All the products that reviewed from Arctic so far had one thing in common. Prioritized Performance over Esthetics! You might like this or not, but it definitely placed Arctic at the very Top of our Benchmark table. Now with the BioniX P120 ARGB, Arctic seems to try a slightly different approach and win over the esthetics marked as well. Let's take a closer look at Arctic's new addition to their lineup and see if they were able to keep the level of performance that we expect. *Spoiler alert, of course they did.




  • Great Performance
  • Best Connection System we've seen
  • Strong LED's
  • Good Radiator Fans


  • Noise is acceptable
  • Expensive compared to other Arctic Products


  • White RGB Not possible with remote



What's in the Box?



We've already unboxed a hand full of Arctic Products.
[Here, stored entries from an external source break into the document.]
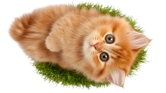 Adorable Orange Kitten Lying On Green Grass with Transparent Background Photo
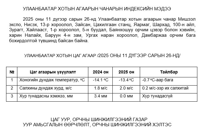 УЛААНБААТАР ХОТЫН АГААРЫН ЧАНАРЫН ХЯНАЛТ ШИНЖИЛГЭЭНИЙ ХОНОГИЙН МЭДЭЭ /2025.11.26/
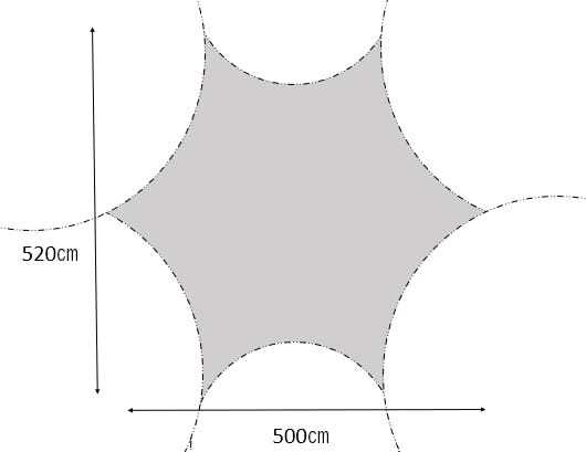 横から見るとツノのように見えることから、タープのツノと呼ばれる形状です。圧倒的なフォルムからたくさんお声掛けしていただいたスタイルです。ポールの高さより天井が80㎝ほど下がります。開放的ながらメインの影を作る部分の位置を下げることにより、太陽の位置による影の移動を最小限に抑えられます。
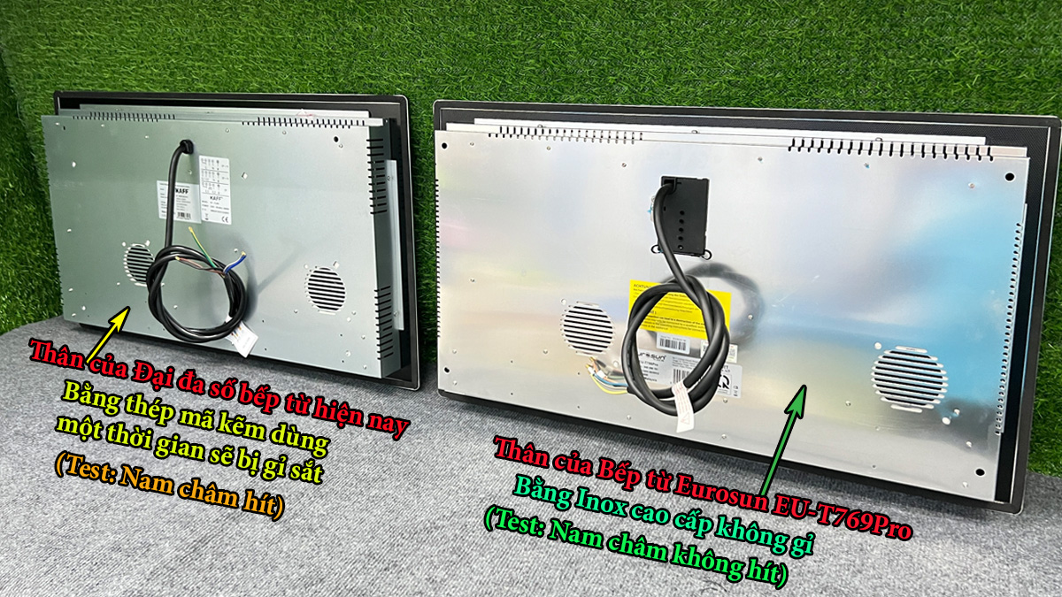 Bếp Eurosun EU-T769Pro được trang bị từ những linh kiện tốt nhất và chân bo mạch được phủ ẩm để bảo vệ thêm nên bếp rất bền. Ngoài ra, thân bếp của Bếp EU-T769Pro được làm bằng chất liệu Inox cao cấp không gỉ giúp bếp cũng bền hơn so với đại đa số thân bếp của các bếp từ hiện nay thường chỉ được làm bằng chất liệu thép mạ kẽm dễ bị gỉ sét sau 1 thời gian sử dụng.

Until now, every Arctic product was packed in such a way that there is not a single drop of water that could have been added inside. The Arctic Bionix P120 ARGB is no different. Once you open the box you'll be greeted with a cramped box, full of Fans,  Mounting Hardware, and Connection Material.


Once unraveled, you'll find 3 Arctic Bionix P120 ARGB Fans, an RGB Controller, 3 Sets of Mounting Screws, and a ton of different Cables, adapters, and proprietary plugs.


Of course Arctic made sure to include their iconic iPhone X-shaped Manual that contains the QR Code that leads to the Manual.




At this point, one thing already became very obvious. These fans are thick. Instead of the usual 25mm, Arctic went with a 30mm approach. This may seem like a little change, but once you have them in your hand you immediately notice the ruggedness that comes with these additional 5mms.


On the back of the Box, Arctic included a Spec sheet, which we summarized down below.


Name Arctic BioniX P120 ARGB
Size 120x120x30mm
Speed Up to 2300RPM
Airflow 48CFM
Noise 0.45 Sone (Should be something around >30db)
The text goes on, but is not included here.